- Your task:
Omitting all pictures, retype the entries below exactly as given.

<<<<

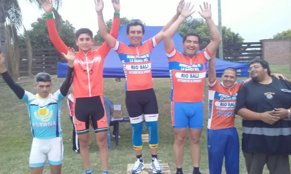 PODIO. El sanjuanino Recabarren (centro) se adjudicó la clasificación general. FOTO DE ASOCIACIÓN CILISTA TUCUMANO PODIO. El sanjuanino Recabarren (centro) se adjudicó la clasificación general. FOTO DE ASOCIACIÓN CILISTA TUCUMANO
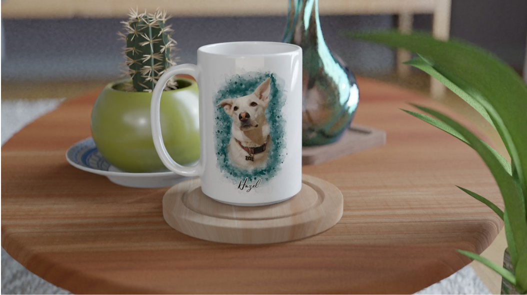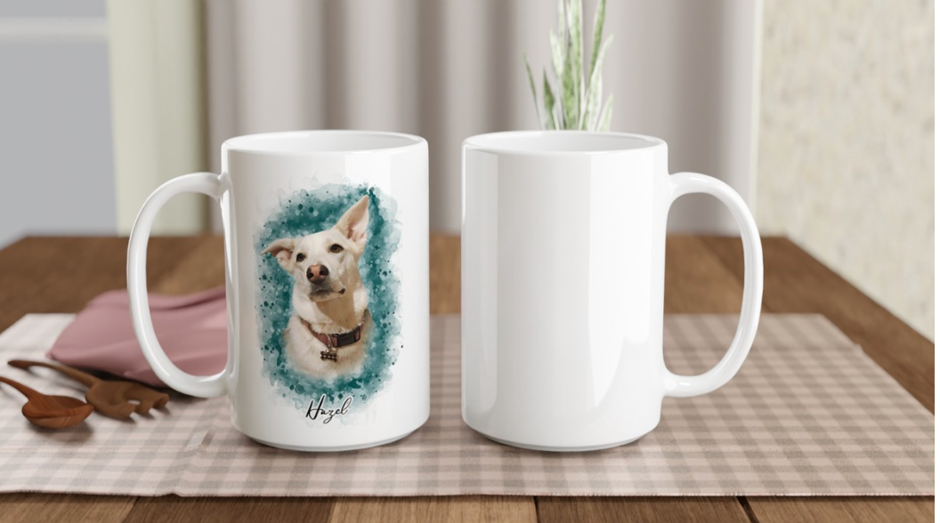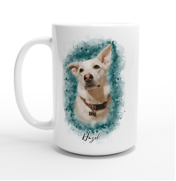 Start your morning off right with this beautiful, 15 oz ceramic mug adorned with your favorite portrait of your fur baby.
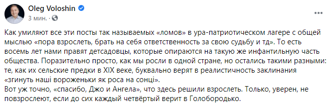 "Как умиляют все эти посты так называемых "ломов" в ура-патриотическом лагере с общей мыслью "пора взрослеть, брать на себя ответственность за свою судьбу и тд".
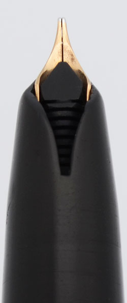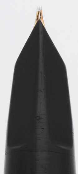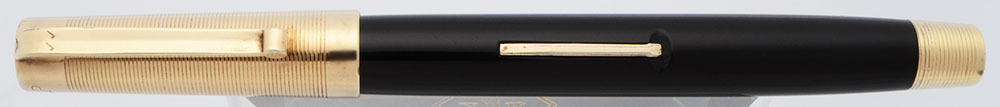 Condition Excellent condition with no cracks, or chips. This is a classy, shiny pen in a unique design. The barrel and section have moderate wear (especially near the end of the barrel). The lever has plating wear along the edges. The cap looks excellent. It has a tad of plating wear on the broad cap band area as well as along the edge of the top of the cap. The top edge of the cap also has a small dent. The clip has some tiny dots of plating wear near the end but most of it looks fantastic. The imprints are clear.
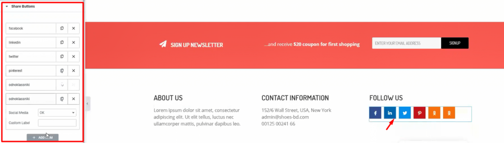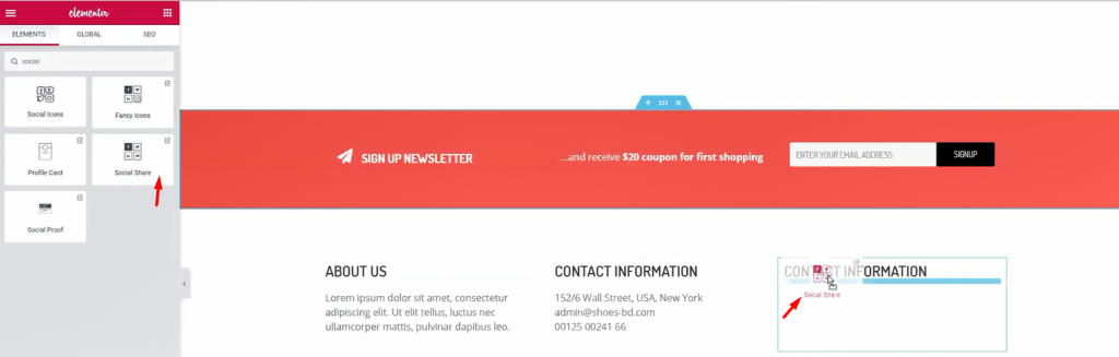 For the 1st and 2nd column, a title and some text are enough. Let’s move to the 3rd column. Adding a title and Social Share widget (by Element Pack) inside it.
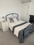 The spacious bedroom comes with a freestanding wardrobe, sofa, cupboard, chest of drawers, desk, bedside table and a

>>>>

- Completed exercise:
 PODIO. El sanjuanino Recabarren (centro) se adjudicó la clasificación general. FOTO DE ASOCIACIÓN CILISTA TUCUMANO PODIO. El sanjuanino Recabarren (centro) se adjudicó la clasificación general. FOTO DE ASOCIACIÓN CILISTA TUCUMANO
 Start your morning off right with this beautiful, 15 oz ceramic mug adorned with your favorite portrait of your fur baby.
 "Как умиляют все эти посты так называемых "ломов" в ура-патриотическом лагере с общей мыслью "пора взрослеть, брать на себя ответственность за свою судьбу и тд".
 Condition Excellent condition with no cracks, or chips. This is a classy, shiny pen in a unique design. The barrel and section have moderate wear (especially near the end of the barrel). The lever has plating wear along the edges. The cap looks excellent. It has a tad of plating wear on the broad cap band area as well as along the edge of the top of the cap. The top edge of the cap also has a small dent. The clip has some tiny dots of plating wear near the end but most of it looks fantastic. The imprints are clear.
 For the 1st and 2nd column, a title and some text are enough. Let’s move to the 3rd column. Adding a title and Social Share widget (by Element Pack) inside it.
 The spacious bedroom comes with a freestanding wardrobe, sofa, cupboard, chest of drawers, desk, bedside table and a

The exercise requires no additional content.